Big economic hit from quake unlikely

INDONESIA'S RECOVERY The central bank said it would relax its credit requirements for quake survivors, while some small businesses may have their loans written off


Indonesia's economy is unlikely to be seriously affected by a powerful earthquake that killed more than 5,100 people and flattened tens of thousands of houses, the central bank said yesterday.

"Such an earthquake will of course disturb our [economic] growth assumptions going ahead, but I don't think the impact will be so huge," Bank Indonesia Governor Burhanuddin Abdullah said.

"We believe many things can be done to catch up [on lost economic growth] in the second half" of the year, he told reporters.


Abdullah said Bank Indonesia would relax its credit requirements to ease the burden on quake survivors unable to pay back their debts by allowing commercial banks to carry the non-performing loans over in the short-term.

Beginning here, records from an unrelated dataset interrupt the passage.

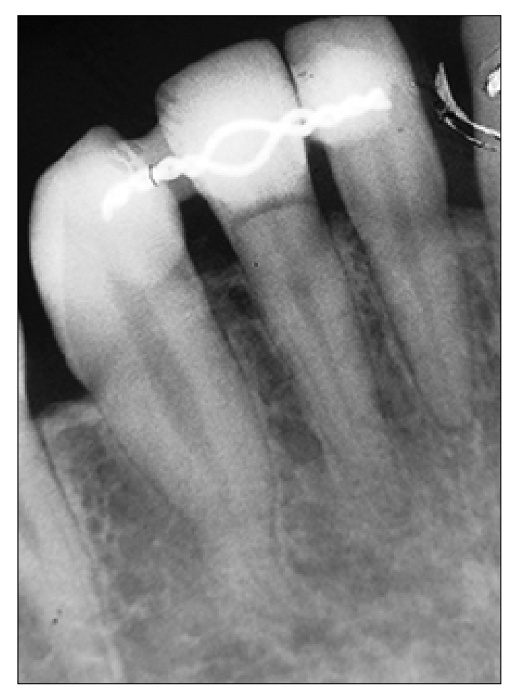
Figure 7. Radiographic control at three years showing probable consolidation process on the 1/3 coronal

Authors investigating this subject area are in agreement regarding the more frequent affliction of the upper central incisors, which are involved in >85% of trauma cases, due to their extremely forward position that renders them a 'bumper'; then, in decreasing order, there are the upper lateral incisors and the central lower incisors (1). In the present case, the patient exhibited misalignment of the lower incisor-canine set. The degree of movement depends on the severity of the trauma and the location of the fracture line. The movement can be considerable when the fracture is located in the coronal
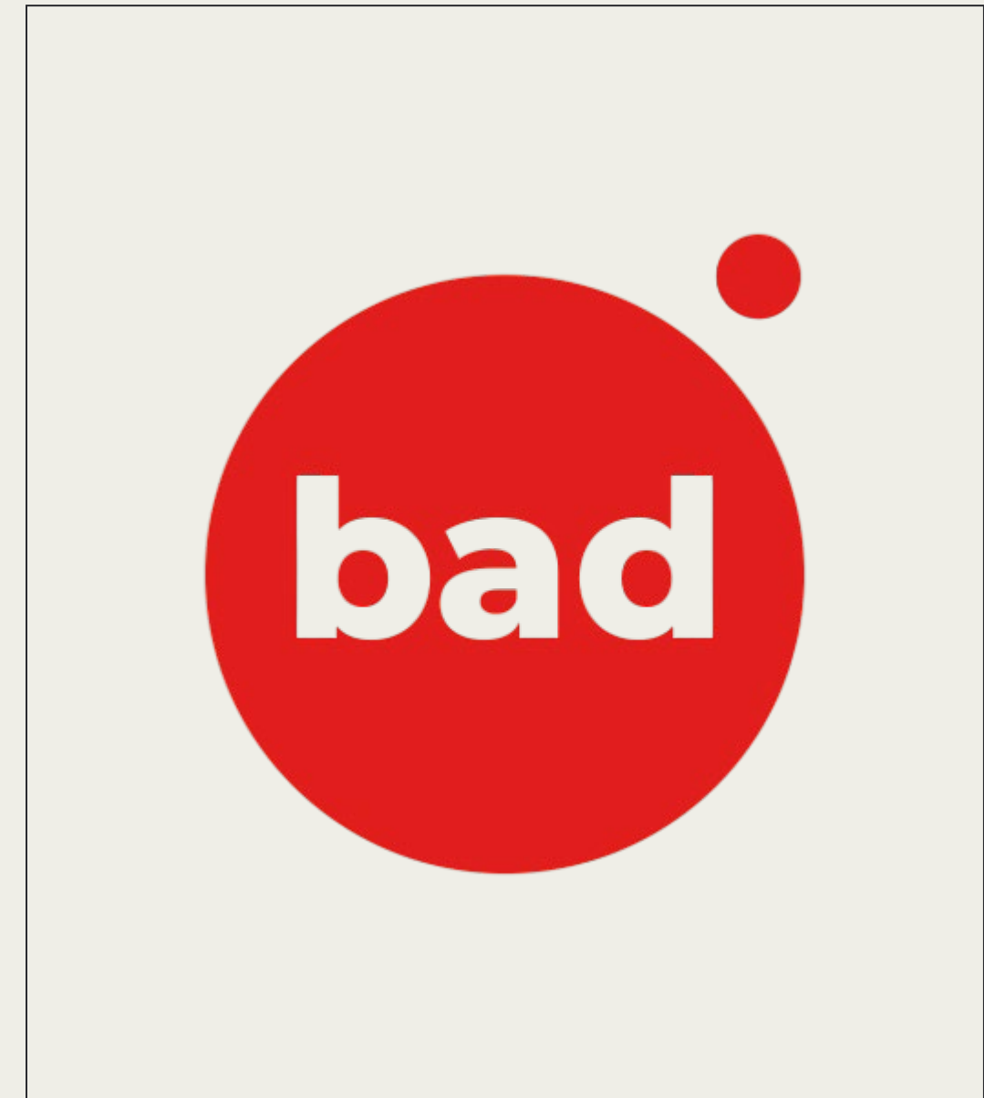
Logo of the Portuguese Association of Librarians, Archivists, Information and Documentation Professionals
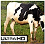
Cow Mooing Sound Effect and video (4k).mp3

The other sounds of sheep and cows were fairly straightforward and the drip, drip drip of melting icicles you see in the film was from a film of raindrops on YouTube. The tractor was from YouTube's free audio library.
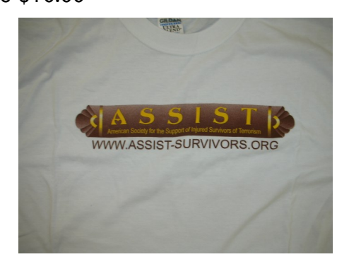
ASSIST T-Shirt $10.00 L and XL Based on Availability of Size
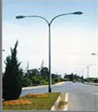
Steel Tubular Pole
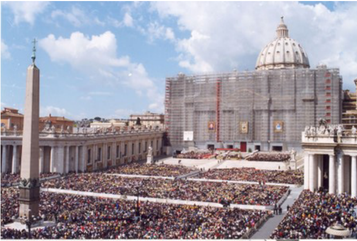
Canonisation of Fr Champagnat, St Peter's Basilica Vatican City, 18 April 1999.

We are now a couple of generations into using the title 'Saint' Marcellin Champagnat, but it's worth remembering that just 25 years ago there was a great deal of excitement across the whole Marist world about Fr Marcellin's canonisation. In 1999 Saint Peter's Basilica was eerily clad in scaffolding and protective mesh, with enormous building cleaning and restoration works taking place in preparation for the Great Jubilee Year, the new millennium, 2000. I remember thinking that the newly proclaimed Saint Marcellin probably would have felt 'at home' in what resembled a building site, given his life story of perpetual building and expansion.
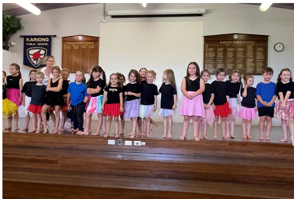
ABOVE: a snapshot of Early Stage 1 dance group. More photos to come of Grandparents in next weeks newsletter.
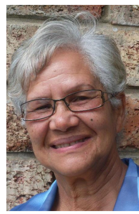
Lillian Stoffels Biblioteek
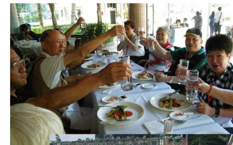
Participants enjoying delicious western cuisine

The Li Ka Shing Foundation granted a sum of $655,000 to Caritas District Elderly Centre – Yuen Long to organize five projects in Yuen Long. The contents included visits to heritages, sharing of folklores, enjoy foreign foods, accomplishment of elders' wishes, strengthening of community network for the singleton elders, and training of volunteers for provision of in-home training to elders with dementia. Totally 2,050 elders were benefited from these programmes.

Some small- and medium-sized businesses receiving credit from the central bank would also have their debts written off, he said.

The central bank implemented a similar measure for victims of the 2004 tsunami in Aceh and the 2002 bombings on Bali.

The magnitude-6.3 quake destroyed at least 21,000 buildings, according to the Red Cross. It was centered south of Yogyakarta, a tourist destination and the location of two large UNESCO World Heritage sites, the Buddhist temple complex of Borobodur and the Hindu temples of Prambanan. Tourist arrivals are expected to fall in the near term but then rebound.

Yogyakarta contributes 1.3 percent of Indonesia's total annual GDP, and estimated reconstruction costs of US$100 million are unlikely to strain the national budget, analysts said.


On Sunday, Vice President Yusuf Kalla declared a three-month emergency period in the quake zone and allocated 75 billion rupiah (US$8 million) for emergency relief.

He said a total of 1 trillion rupiah had been earmarked for reconstruction and rehabilitation efforts, with the assumption that 35,000 houses or buildings were damaged in the earthquake.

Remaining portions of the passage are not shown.